Nevertheless, Hayward, Harari, and Guerney notwithstanding, there still remains a temptation to translate the Zhivago poems in a way that reproduces, however partially, more of the elements of Pasternak's later verse style without major semantic concessions or distortions. It is on these grounds that one is bound to reject the versions by Robert Lowell and Donald Davie, which suffer from an inadequate understanding of Russian as well as a too obvious attempt to make "English poetry" out of Pasternak's poems. Clearly, to create fine English verse from a great Russian (or other foreign) original would require a poetic translator no less talented than the original author - but then this would be a new and inimitable work of original creativity, probably removed in spirit from the original as Pasternak's own Russian versions of Shakespeare and Goethe's Faust were. The ideal translation must therefore, in this second respect, be a compromise. Among Pasternak's translators Lydia Pasternak Slater, the poet's own sister, came nearer than most to the spirit of the Russian, producing verses that are, as she claimed, "close in their sound and general pattern to those of the Russian originals". She also sensibly realized the need to cultivate assonance rhyme and avoid the regular chime of alternating rhyme endings that are characteristic even of much modern Russian verse.
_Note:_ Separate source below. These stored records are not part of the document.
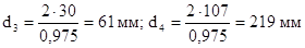 Находим диаметр ведомого шкива, приняв относительное скольжение ε = 0,02: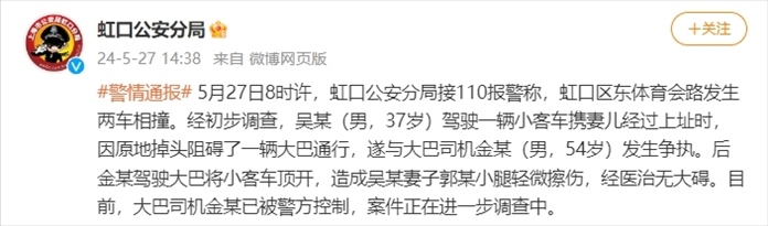 央視網(wǎng)消息:上海市公安局虹口分局發(fā)布警情通報,5月27日8時許,虹口公安分局接110報警稱,虹口區(qū)東體育會路發(fā)生兩車相撞。經(jīng)初步調(diào)查,吳某(男,37歲)駕駛一輛小客車攜妻兒經(jīng)過上址時,因原地掉頭阻礙了一輛大巴通行,遂與大巴司機金某(男,54歲)發(fā)生爭執(zhí)。后金某駕駛大巴將小客車頂開,造成吳某妻子郭某小腿輕微擦傷,經(jīng)醫(yī)治無大礙。目前,大巴司機金某已被警方控制,案件正在進一步調(diào)查中。
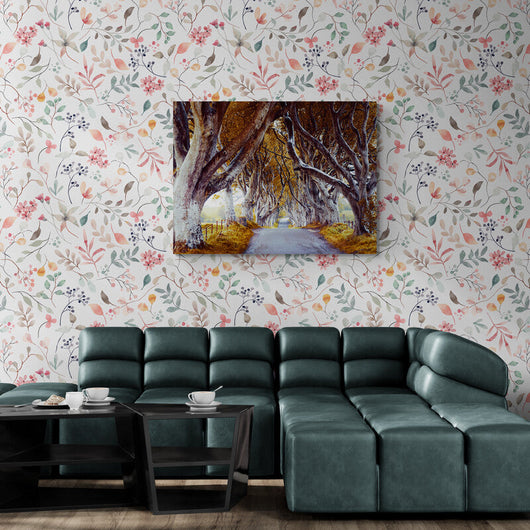 De rijke kleuren van het schilderij voegen een atmosferische diepte toe aan je ruimte, waardoor je het gevoel krijgt dat je door de kronkelende laan van County Antrim wandelt. Het licht dat speels door het dichte bladerdak breekt, voegt een vleugje magie toe aan het geheel.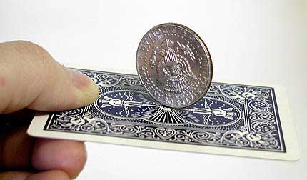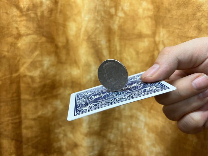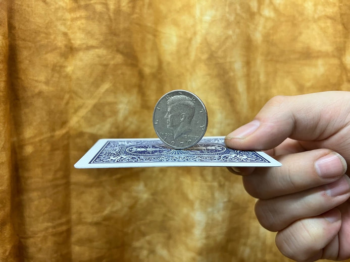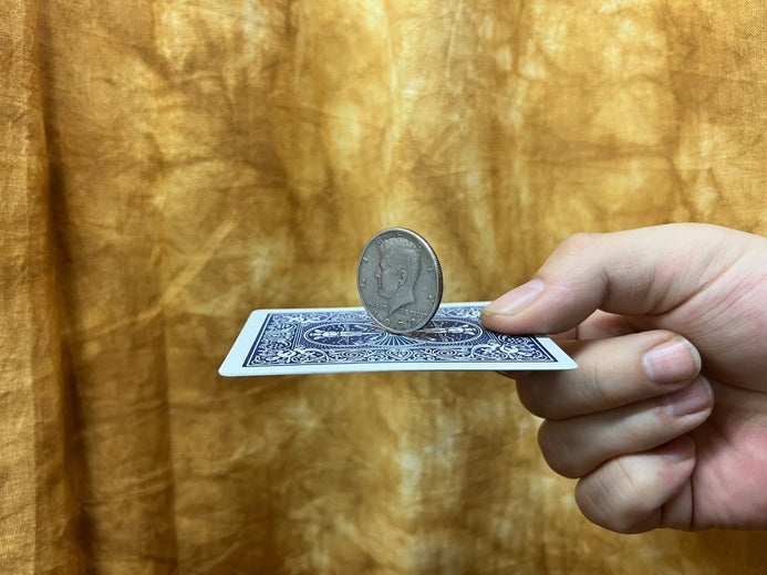 What a Fooler! Can be done right under their noses and eyes! The performer shows an ordinary half dollar and places it on a playing card. Unbelievably, the coin begins to move by itself. It rises up from the card and stands on its edge. It doesn't stop there, the magician gives it a little flick and the coin literally spins (as if it was dancing on top of the card!). Then slowly upon the performers command the coin starts to descend, just as it rose earlier, until it lies on the card flat (to its original position on the card). They won’t believe this one! Carry it in your pocket all the time and be ready to blow them away! Created by Mark Stevens in 1990, with respects to Georges Proust (Paris, France) and John Cornelius. A Stevens Magic Emporium creation and exclusive for over 30 years!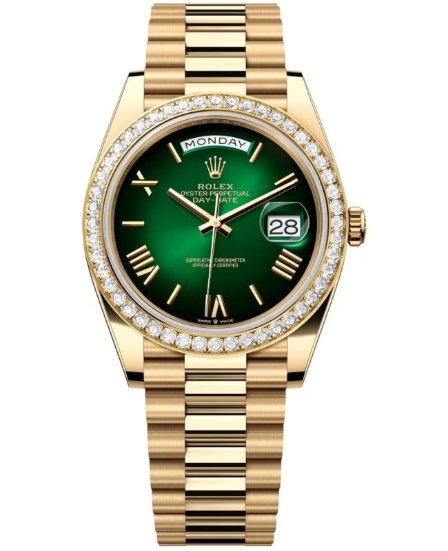 Brand New Authentic Rolex Day-Date 40 Automatic Green Dial Diamond Bezel 18K Yellow Gold President Bracelet Men’s Luxury Watch Model M228348RBR-0045. Polished 18K Yellow Gold case with Brushed and Polished 18k Yellow Gold President Bracelet watch band. 18K Yellow Gold Crownclasp clasp. Fixed with Diamonds bezel. Dial description: Polished Yellow Gold Hands with Roman Numeral & Stick Hour Markers and the Day of the Week in the 12 o’clock and the Date at 3 o’clock on a Green dial. Swiss Automatic. Chronometer movement. Chronograph sub-dials display: Day of the Week. Calendar: Day Of The Week In The 12 O’clock Position And Date At 3 O’clock. Powered by Calibre 3255 engine with 70 hours power reserve. Watch functions: Day, Date, Hour, Minute, Second, Power Reserve. Screw Down crown. Scratch Resistant Sapphire crystal. Round case shape. Case size: 40mm. Solid case back. 100 Meters – 330 Feet water resistant. 5-year WatchMaxx warranty. Also known as model: M228348RBR0045.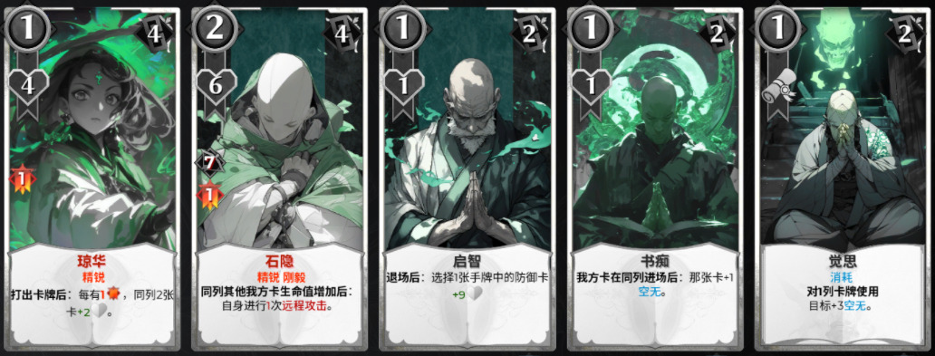 - 琼华:打出卡牌后,每有1点声望,同列2张卡+2血量。给同列伙伴增加血量的精锐卡。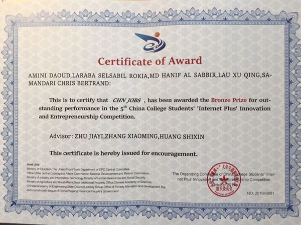 中国互联网+大学生创新创业大赛是由教育部主办的大学生双创类的顶级赛事。今年,由学生工作处朱佳艺老师和国际教育学院张晓明老师指导的,由中外留学生联合组队开展创业实践的项目《CHN JOBS》(项目负责学生:AMINI DAOUD)一路过关斩将闯入国赛,并取得了全国铜奖的成绩,这是永利集团自2015年组队参赛以来的第一个全国获奖项目。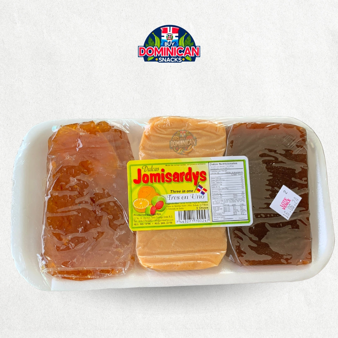 - 🍬 Jomisardys Three-In-One Delight: Guava, Orange, Sweet Milk - A 100% Dominican treat.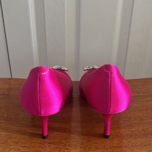 A jewel-encrusted ornament adds timeless glamour to the vamp of a luxe satin pump framed by a pointy toe and tapered heel. 2 1/4" heel Textile upper/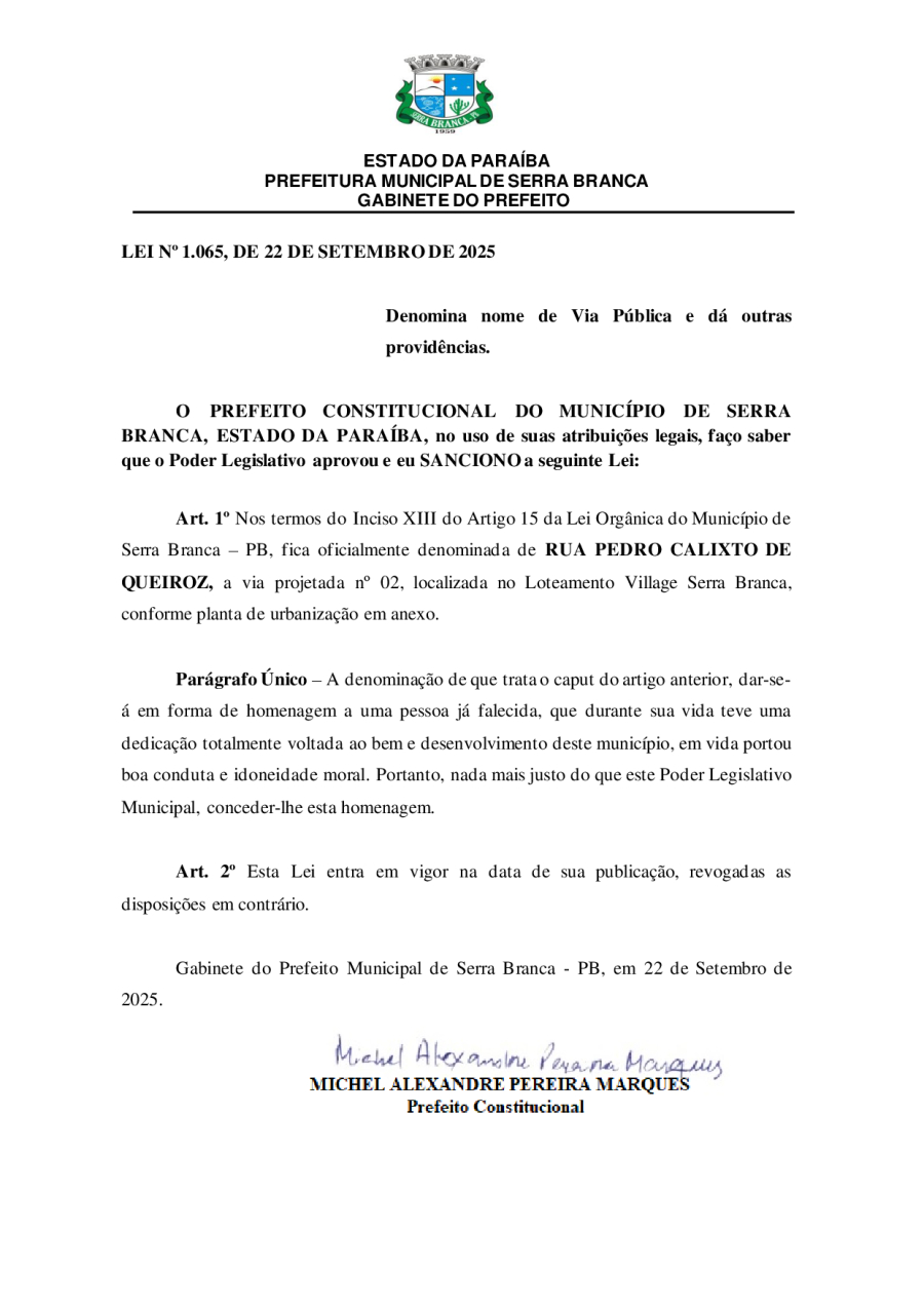 LEI N° 1065/2025 - DENOMINA NOME DE VIA PÚBLICA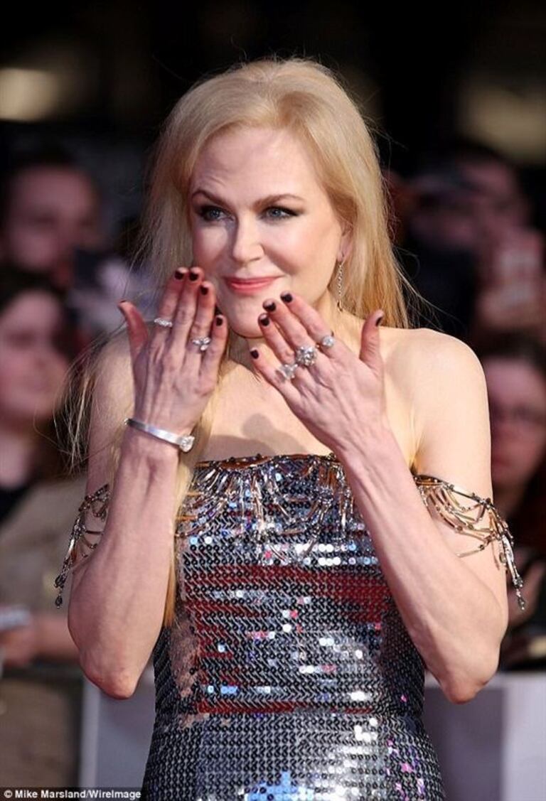 وظهرت التجاعيد بشكل ملف على النجمة الأسترالية، خاصة في منطقة اليدين، حيث بدت يديها مليئة بالتجاعيد رغم العناية الكبيرة التي أولتها ليديها.

The main defect of her versions arose probably from her non-native knowledge of English and a tendency to use inversions (of verb and object, noun and adjective) that sometimes gave her lines a dated rather than "modern" appearance.

It is easy, of course, for latecomers to quibble with the work of predecessors. I am well aware that translation is not an exact science, but an evolving, changing, and subjective art form. There can thus be no one single, ideal rendering and the present rhymed and rhythmic versions of the Zhivago cycle are just one contribution to the multiple versions that might partially capture the spirit of the Russian. Anyone familiar with the original Russian is bound to feel disappointed and deprived, and there are some features of even these late and simple poems by Pasternak that are bound to elude translation. The title of the poem "Intoxication" is "Khmel'" in Russian, which both means the state of intoxication and denotes the hop-plant whose fermentation leads to this state; the main conceit of the poem is in fact built around this ambiguity, impossible to reproduce neatly in English. The poem is also one of the weaker items in the cycle. Anna Akhmatova tartly commented that Pasternak should have known better at his age than to write verse of such juvenile eroticism. In other respects, however, the finest nature and religious poems in this cycle are among the best work Pasternak ever produced. Like much of Akhmatova, too, they deserve repeated translation and importation into other linguistic cultures. Hopefully, the nobility of the task may partly compensate for defects in its execution.